I have a one-dimensional set of data points, of which I want to parameterise the probability density. I have reasons to believe that a Gaussian mixture model would be a good way to accomplish this, so I'm trying to use scikit-learn's GaussianMixture class to fit the parameters and weights of two Gaussian distributions.
Toy example:
import numpy as np
from sklearn.mixture import GaussianMixture
stdev_1 = 5
stdev_2 = 30
gaussian_data_1 = stdev_1 * np.random.randn(1000)
gaussian_data_2 = stdev_2 * np.random.randn(1000)
data = np.concatenate([gaussian_data_1, gaussian_data_2])
model = GaussianMixture(2)
data_2d = data.reshape((len(data), 1))
model.fit(data_2d)
print("Estimated means:", model.means_[:, 0])
print("Estimated stdevs:", model.covariances_[:, 0, 0] ** 0.5)
print("Estimated weights:", model.weights_)
The resulting model has reasonable estimates of two Gaussians.
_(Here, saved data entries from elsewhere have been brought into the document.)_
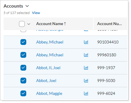 On the Accounts page, you can use the search and the saved search and account set lists to narrow your results.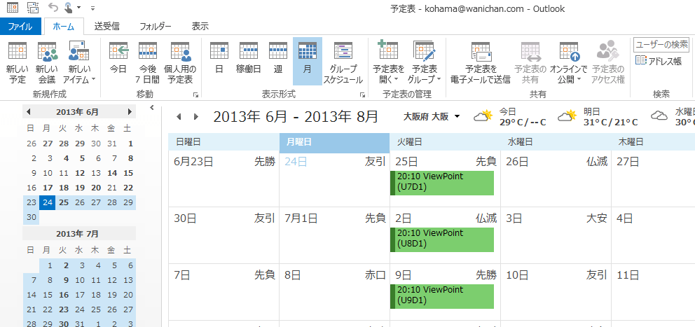 - 予定表を開き、該当する会議アイテムを選択します。
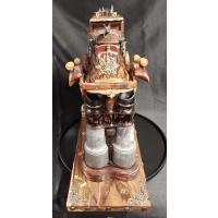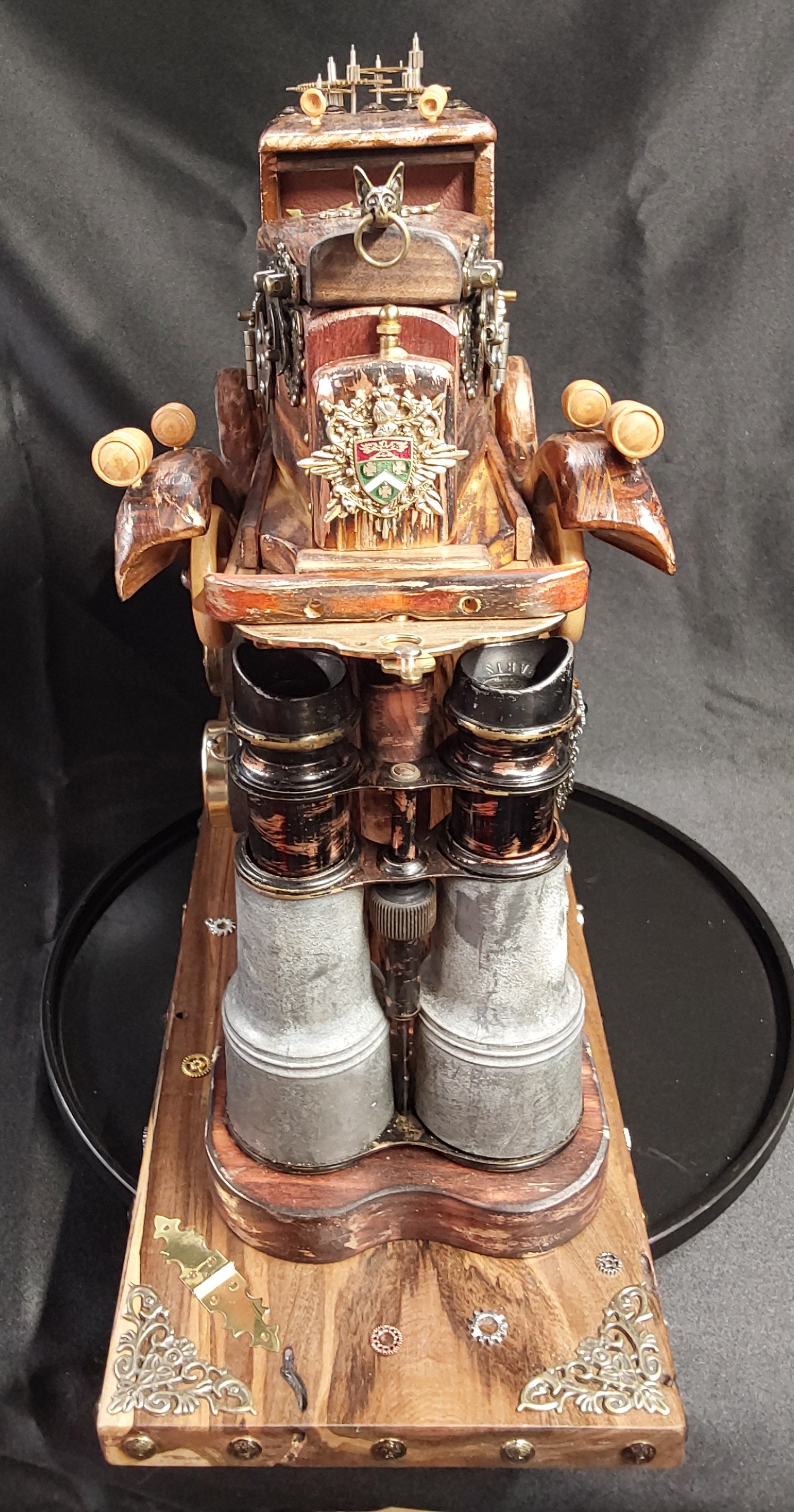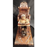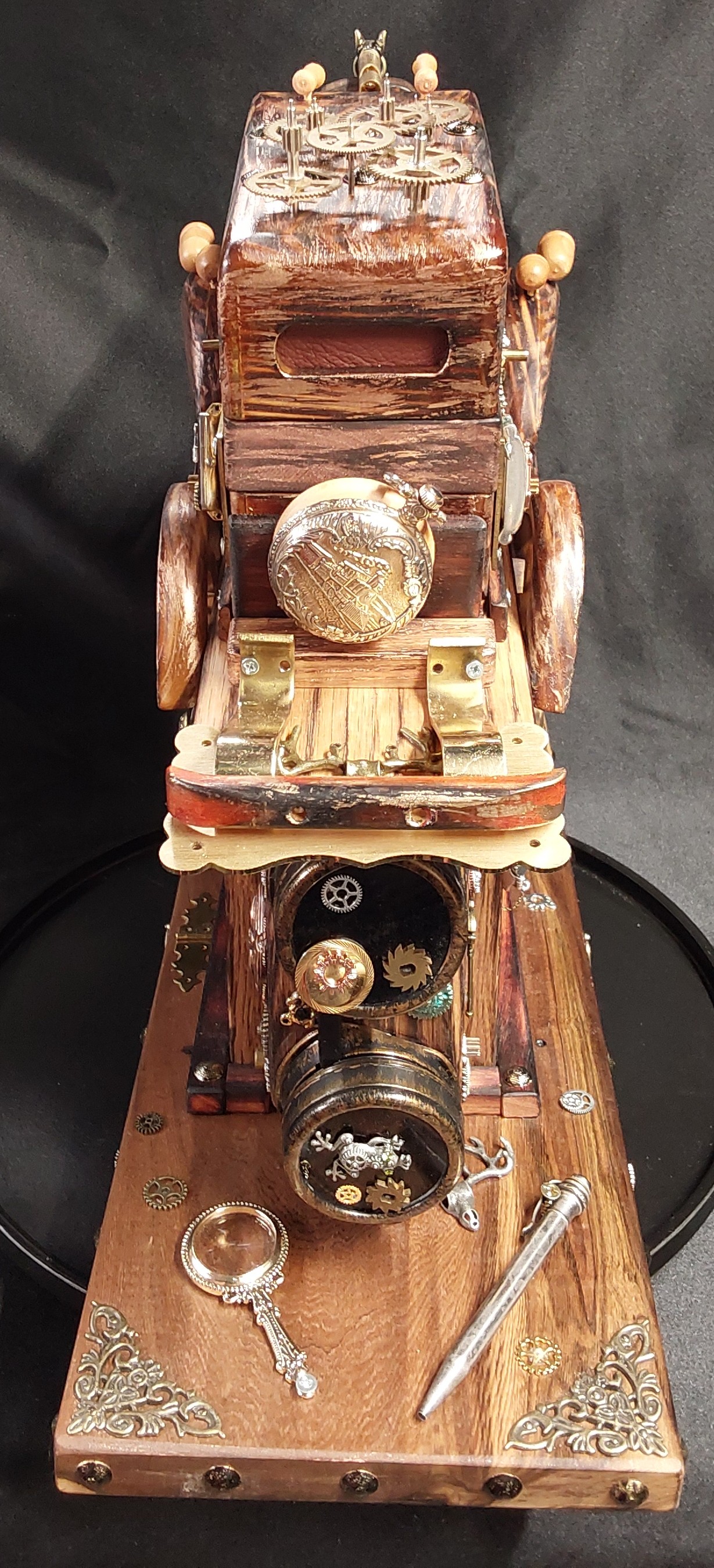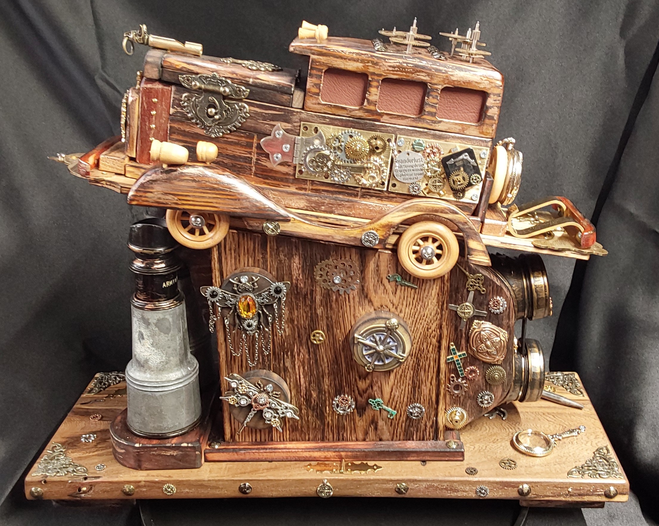At first glance, this creation clearly leans into the steampunk aesthetic — wood, brass, gears, mechanical fragments, and antique-looking instruments. But this is not simply a decorative steampunk art piece. It is a sequential discovery puzzle box, designed to be explored, questioned, and slowly revealed.

I put in means of zero, and standard deviations of 5 and 30, both with weights of 0.5 (both have 1000 data points), and it finds means of [-0.0715483 and -0.06263915], standard deviations of [ 5.46757321 and 30.77977466], and weights of [0.53427173 and 0.46572827].
So far so good.
However, in my application, I know that the underlying distribution is unimodal, and I really only want to find out which combination of (standard deviations and weights) fits best. Hence, I'd like to force this model to use the same means, for instance by simply passing it the mean myself, and having it only optimise the weights and standard deviations (variances).
Is this possible with scikit-learn? The GaussianMixture class seems to be designed for classification, while I'm actually using it for the sake of parameterising a distribution, so it might be that there's a better solution that I'm not aware of.
If this is not feasible with scikit-learn, any suggestions on how to do this (Preferably with >2 Gaussians)?